## What the exercise asks
Write out only the lines from the start of the entries up to and including the line with "Het perceel waarop"; please skip the pictures.

Stored items:
====

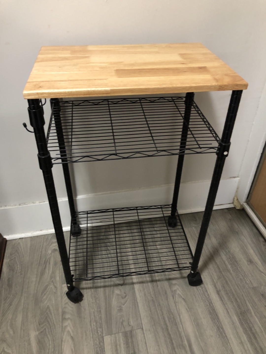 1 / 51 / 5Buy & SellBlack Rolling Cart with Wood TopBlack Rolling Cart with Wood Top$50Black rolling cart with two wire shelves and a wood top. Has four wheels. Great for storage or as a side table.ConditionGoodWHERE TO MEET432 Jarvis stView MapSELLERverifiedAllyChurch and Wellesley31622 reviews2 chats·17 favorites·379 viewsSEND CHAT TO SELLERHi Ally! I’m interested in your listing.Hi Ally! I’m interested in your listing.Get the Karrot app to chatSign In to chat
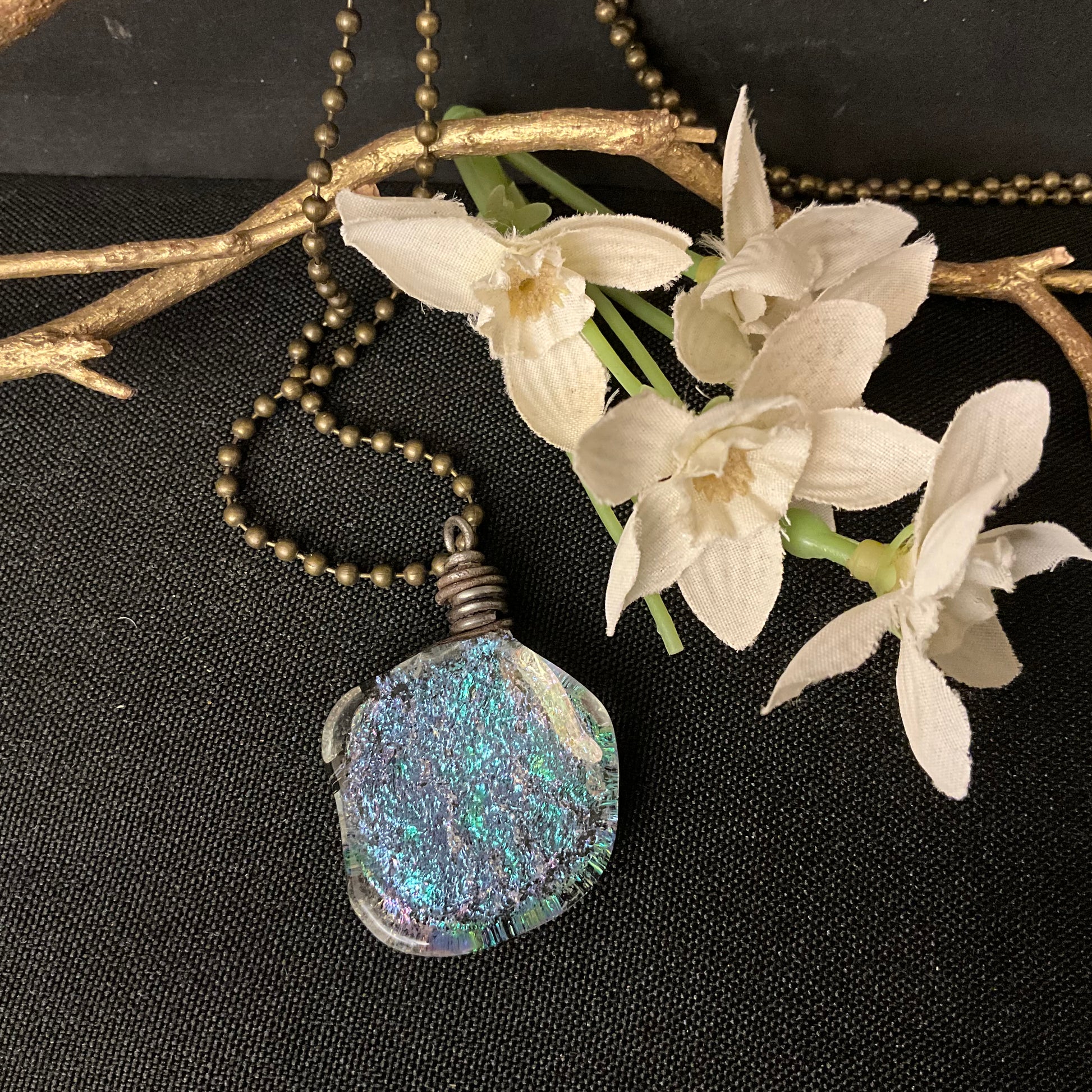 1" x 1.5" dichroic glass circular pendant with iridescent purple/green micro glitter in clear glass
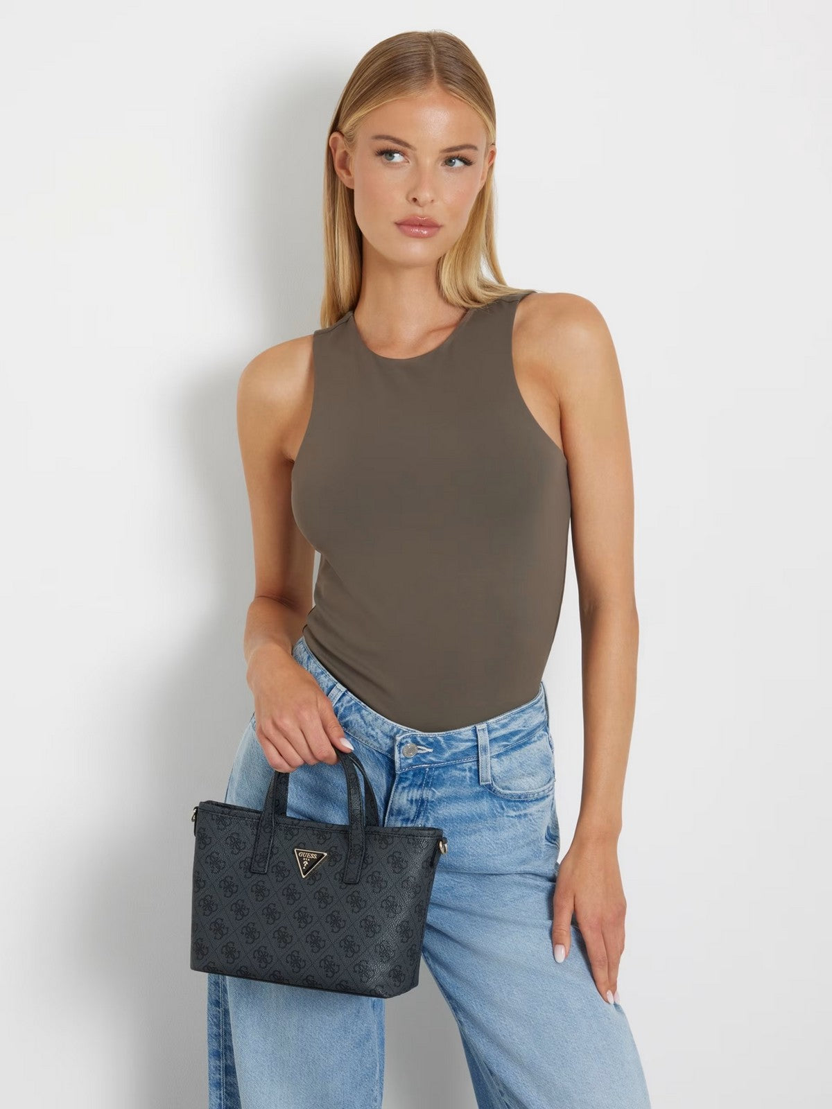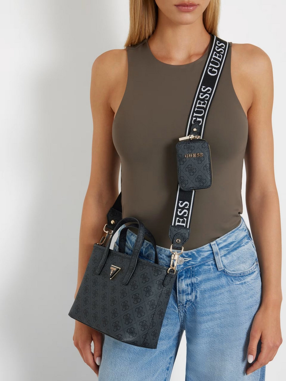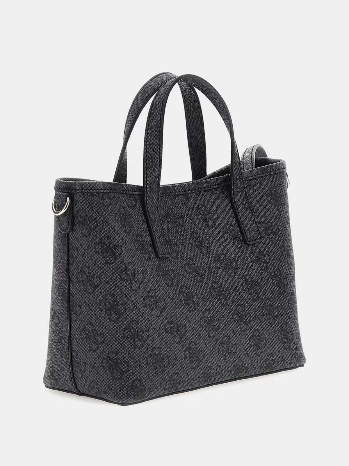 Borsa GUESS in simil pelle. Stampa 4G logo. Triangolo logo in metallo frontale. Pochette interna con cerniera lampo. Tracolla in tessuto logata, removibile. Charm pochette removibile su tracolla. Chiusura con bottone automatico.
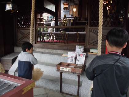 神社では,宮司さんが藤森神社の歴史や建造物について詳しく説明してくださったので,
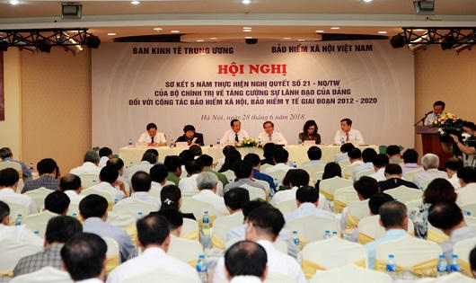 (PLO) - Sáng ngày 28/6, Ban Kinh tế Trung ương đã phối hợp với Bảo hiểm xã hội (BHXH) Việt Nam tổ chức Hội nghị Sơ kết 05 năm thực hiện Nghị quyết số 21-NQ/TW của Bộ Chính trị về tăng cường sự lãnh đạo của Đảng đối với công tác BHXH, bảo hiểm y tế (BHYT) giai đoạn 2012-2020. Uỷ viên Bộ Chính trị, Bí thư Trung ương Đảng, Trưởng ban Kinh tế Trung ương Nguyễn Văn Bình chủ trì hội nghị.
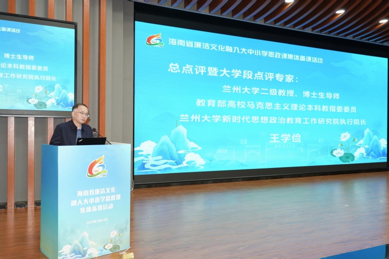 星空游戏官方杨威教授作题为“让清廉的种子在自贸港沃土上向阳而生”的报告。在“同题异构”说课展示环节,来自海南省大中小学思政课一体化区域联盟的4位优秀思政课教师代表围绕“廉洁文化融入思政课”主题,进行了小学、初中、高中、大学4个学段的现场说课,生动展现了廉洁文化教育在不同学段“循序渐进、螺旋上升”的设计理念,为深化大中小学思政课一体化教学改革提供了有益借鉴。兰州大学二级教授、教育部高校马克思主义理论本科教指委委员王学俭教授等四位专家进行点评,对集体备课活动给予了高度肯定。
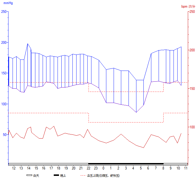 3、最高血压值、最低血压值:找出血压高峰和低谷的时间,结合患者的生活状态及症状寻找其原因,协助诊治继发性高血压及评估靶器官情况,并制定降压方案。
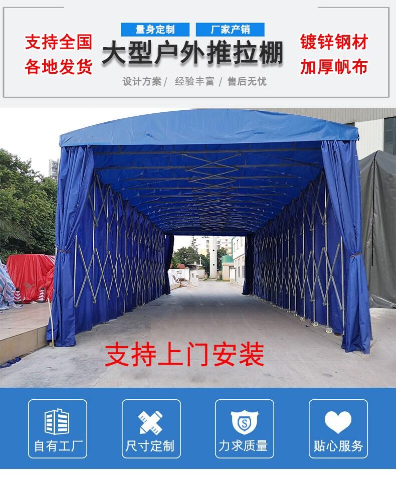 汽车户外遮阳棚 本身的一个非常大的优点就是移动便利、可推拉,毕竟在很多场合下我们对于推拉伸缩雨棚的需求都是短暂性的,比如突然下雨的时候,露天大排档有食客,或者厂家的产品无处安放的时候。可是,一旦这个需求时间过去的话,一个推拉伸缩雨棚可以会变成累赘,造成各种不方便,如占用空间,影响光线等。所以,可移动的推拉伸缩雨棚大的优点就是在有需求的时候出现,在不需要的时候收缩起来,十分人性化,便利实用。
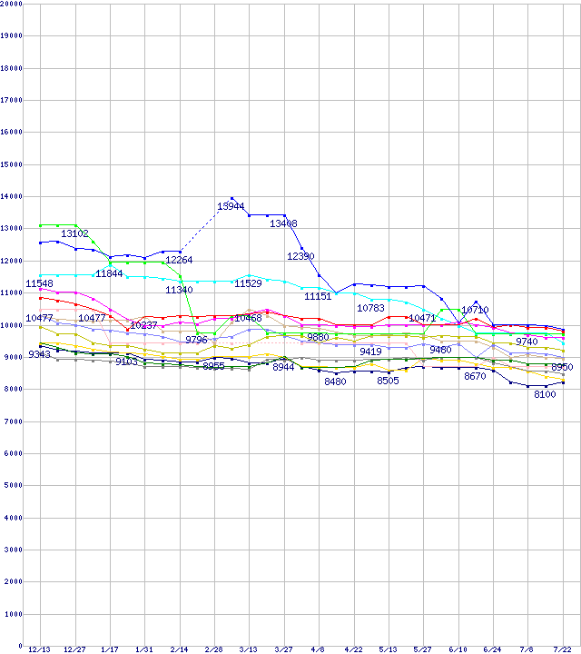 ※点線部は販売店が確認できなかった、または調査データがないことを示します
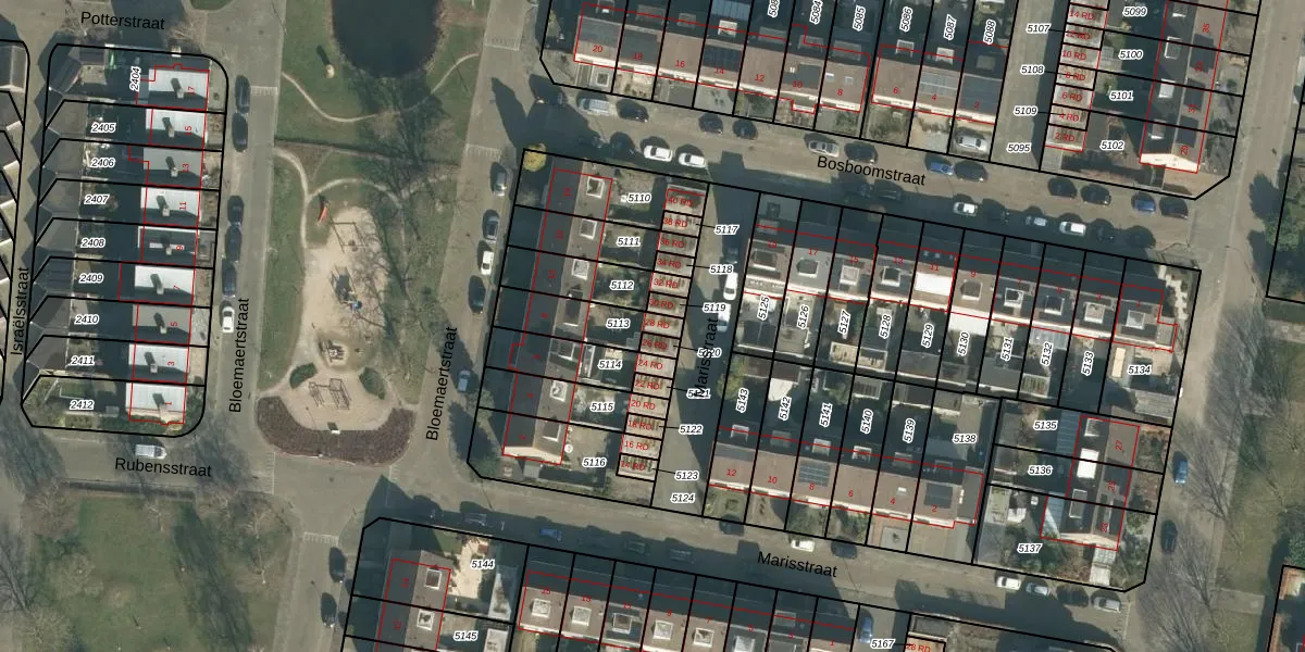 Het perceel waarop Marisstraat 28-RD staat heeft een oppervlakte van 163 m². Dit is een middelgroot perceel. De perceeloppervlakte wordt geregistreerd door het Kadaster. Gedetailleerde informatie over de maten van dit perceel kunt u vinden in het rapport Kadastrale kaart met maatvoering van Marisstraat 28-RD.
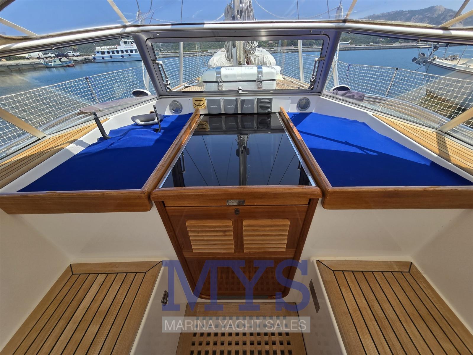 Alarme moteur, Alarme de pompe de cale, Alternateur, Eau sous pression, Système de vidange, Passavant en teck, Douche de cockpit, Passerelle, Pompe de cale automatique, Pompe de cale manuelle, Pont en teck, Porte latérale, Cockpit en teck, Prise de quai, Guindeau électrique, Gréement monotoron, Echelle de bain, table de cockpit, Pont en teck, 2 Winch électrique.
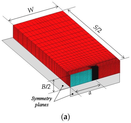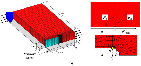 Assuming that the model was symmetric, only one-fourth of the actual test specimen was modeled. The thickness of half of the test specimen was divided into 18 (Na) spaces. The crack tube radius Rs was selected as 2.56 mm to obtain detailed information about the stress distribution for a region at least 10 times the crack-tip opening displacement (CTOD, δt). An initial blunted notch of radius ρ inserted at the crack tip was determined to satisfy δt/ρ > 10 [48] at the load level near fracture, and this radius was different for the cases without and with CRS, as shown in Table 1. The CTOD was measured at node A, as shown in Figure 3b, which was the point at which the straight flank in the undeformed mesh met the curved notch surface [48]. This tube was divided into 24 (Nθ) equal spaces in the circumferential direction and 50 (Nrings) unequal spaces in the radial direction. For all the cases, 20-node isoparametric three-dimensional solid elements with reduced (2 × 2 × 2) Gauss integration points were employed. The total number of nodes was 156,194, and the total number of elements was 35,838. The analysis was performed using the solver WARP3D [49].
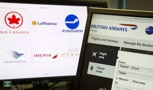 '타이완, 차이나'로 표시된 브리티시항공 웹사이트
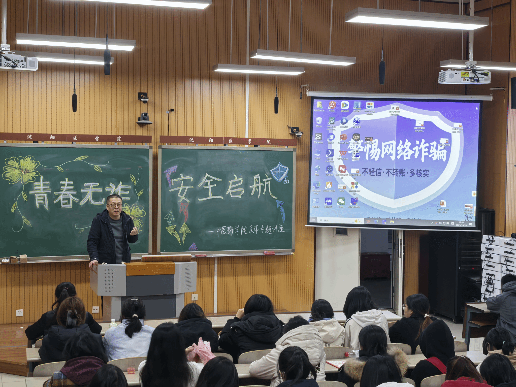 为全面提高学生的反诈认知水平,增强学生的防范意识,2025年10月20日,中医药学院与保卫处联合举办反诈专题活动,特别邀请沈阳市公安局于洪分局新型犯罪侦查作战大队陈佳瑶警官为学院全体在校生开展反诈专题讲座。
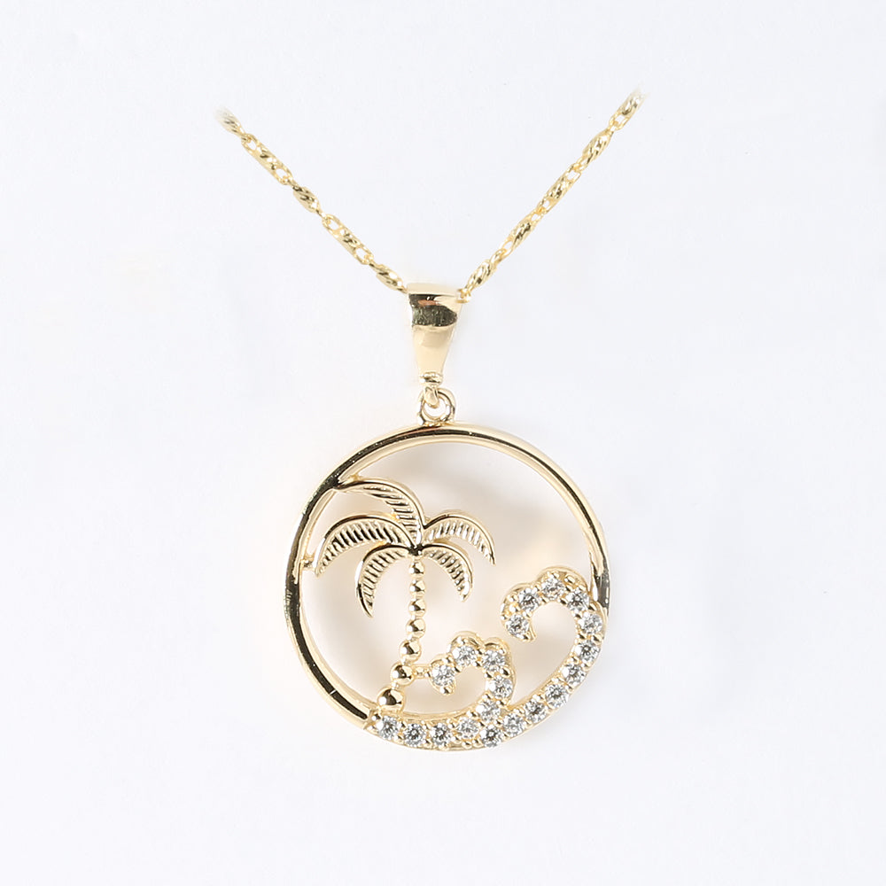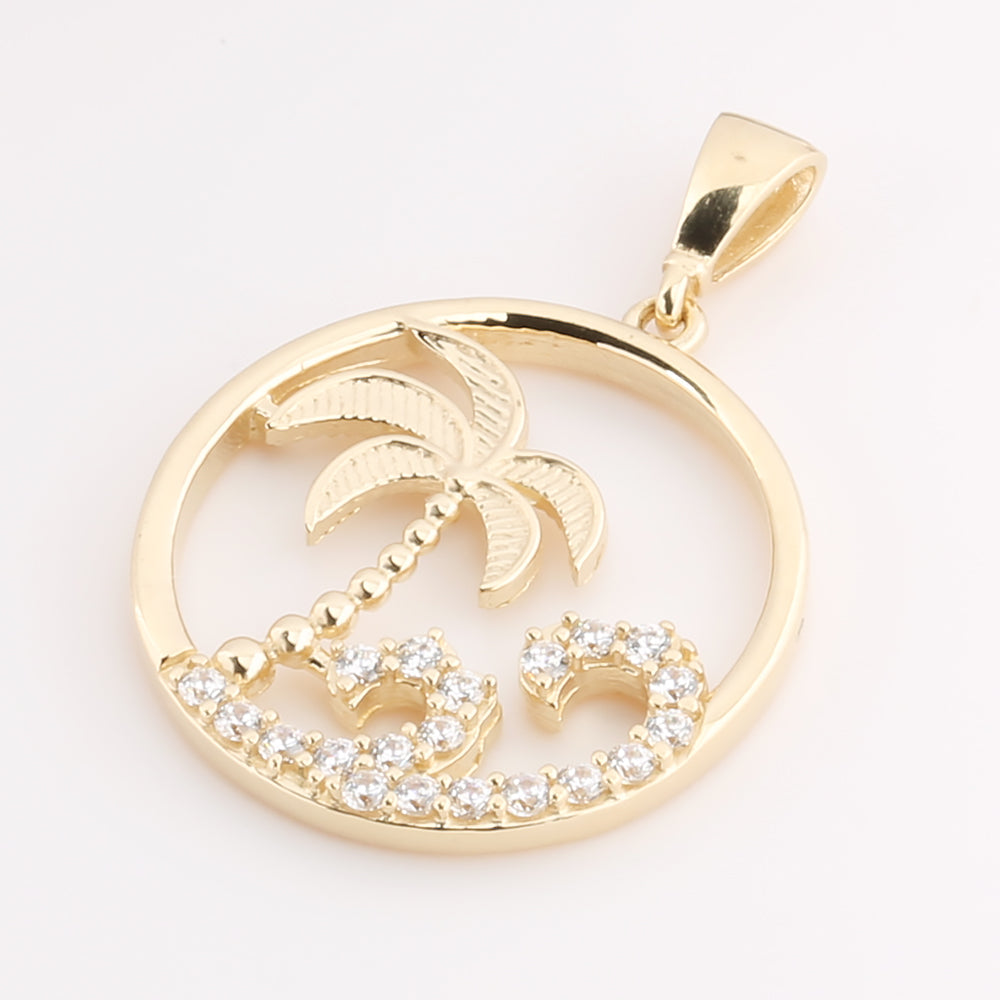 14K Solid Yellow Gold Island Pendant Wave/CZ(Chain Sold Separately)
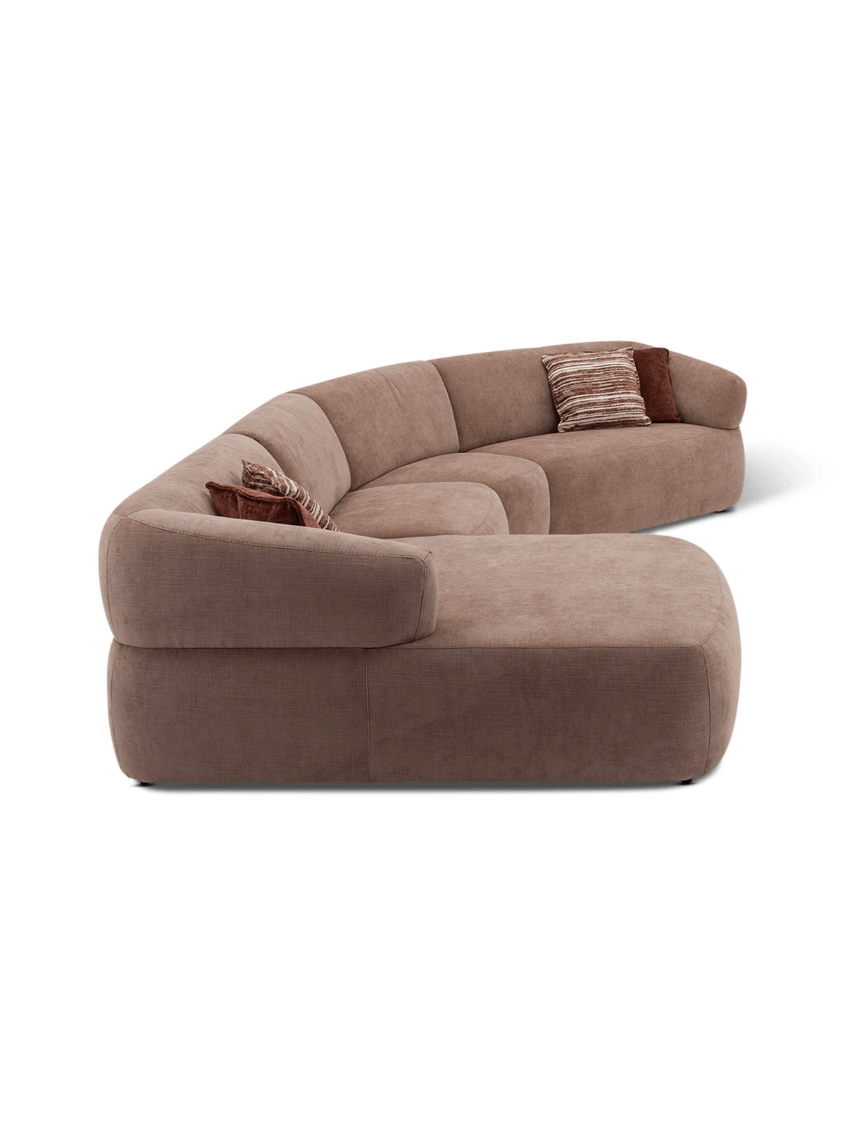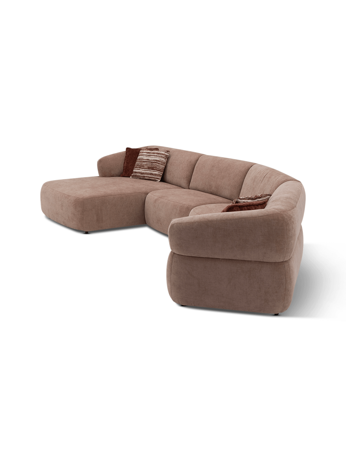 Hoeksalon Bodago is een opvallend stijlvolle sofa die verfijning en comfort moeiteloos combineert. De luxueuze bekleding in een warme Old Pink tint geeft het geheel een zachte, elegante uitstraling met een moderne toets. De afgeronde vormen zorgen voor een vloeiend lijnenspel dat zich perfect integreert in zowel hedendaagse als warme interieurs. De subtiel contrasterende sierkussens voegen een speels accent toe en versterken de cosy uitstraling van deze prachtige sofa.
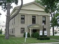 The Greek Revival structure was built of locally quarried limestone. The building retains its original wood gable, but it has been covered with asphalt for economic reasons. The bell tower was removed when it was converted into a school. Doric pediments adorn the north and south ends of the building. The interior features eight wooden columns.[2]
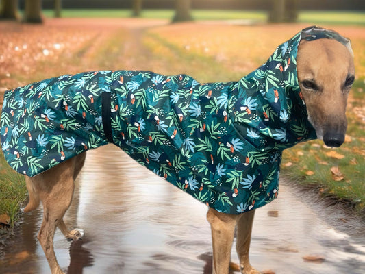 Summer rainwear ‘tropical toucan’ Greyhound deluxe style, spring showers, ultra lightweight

====

## The answer
 1 / 51 / 5Buy & SellBlack Rolling Cart with Wood TopBlack Rolling Cart with Wood Top$50Black rolling cart with two wire shelves and a wood top. Has four wheels. Great for storage or as a side table.ConditionGoodWHERE TO MEET432 Jarvis stView MapSELLERverifiedAllyChurch and Wellesley31622 reviews2 chats·17 favorites·379 viewsSEND CHAT TO SELLERHi Ally! I’m interested in your listing.Hi Ally! I’m interested in your listing.Get the Karrot app to chatSign In to chat
 1" x 1.5" dichroic glass circular pendant with iridescent purple/green micro glitter in clear glass
 Borsa GUESS in simil pelle. Stampa 4G logo. Triangolo logo in metallo frontale. Pochette interna con cerniera lampo. Tracolla in tessuto logata, removibile. Charm pochette removibile su tracolla. Chiusura con bottone automatico.
 神社では,宮司さんが藤森神社の歴史や建造物について詳しく説明してくださったので,
 (PLO) - Sáng ngày 28/6, Ban Kinh tế Trung ương đã phối hợp với Bảo hiểm xã hội (BHXH) Việt Nam tổ chức Hội nghị Sơ kết 05 năm thực hiện Nghị quyết số 21-NQ/TW của Bộ Chính trị về tăng cường sự lãnh đạo của Đảng đối với công tác BHXH, bảo hiểm y tế (BHYT) giai đoạn 2012-2020. Uỷ viên Bộ Chính trị, Bí thư Trung ương Đảng, Trưởng ban Kinh tế Trung ương Nguyễn Văn Bình chủ trì hội nghị.
 星空游戏官方杨威教授作题为“让清廉的种子在自贸港沃土上向阳而生”的报告。在“同题异构”说课展示环节,来自海南省大中小学思政课一体化区域联盟的4位优秀思政课教师代表围绕“廉洁文化融入思政课”主题,进行了小学、初中、高中、大学4个学段的现场说课,生动展现了廉洁文化教育在不同学段“循序渐进、螺旋上升”的设计理念,为深化大中小学思政课一体化教学改革提供了有益借鉴。兰州大学二级教授、教育部高校马克思主义理论本科教指委委员王学俭教授等四位专家进行点评,对集体备课活动给予了高度肯定。
 3、最高血压值、最低血压值:找出血压高峰和低谷的时间,结合患者的生活状态及症状寻找其原因,协助诊治继发性高血压及评估靶器官情况,并制定降压方案。
 汽车户外遮阳棚 本身的一个非常大的优点就是移动便利、可推拉,毕竟在很多场合下我们对于推拉伸缩雨棚的需求都是短暂性的,比如突然下雨的时候,露天大排档有食客,或者厂家的产品无处安放的时候。可是,一旦这个需求时间过去的话,一个推拉伸缩雨棚可以会变成累赘,造成各种不方便,如占用空间,影响光线等。所以,可移动的推拉伸缩雨棚大的优点就是在有需求的时候出现,在不需要的时候收缩起来,十分人性化,便利实用。
 ※点線部は販売店が確認できなかった、または調査データがないことを示します
 Het perceel waarop Marisstraat 28-RD staat heeft een oppervlakte van 163 m². Dit is een middelgroot perceel. De perceeloppervlakte wordt geregistreerd door het Kadaster. Gedetailleerde informatie over de maten van dit perceel kunt u vinden in het rapport Kadastrale kaart met maatvoering van Marisstraat 28-RD.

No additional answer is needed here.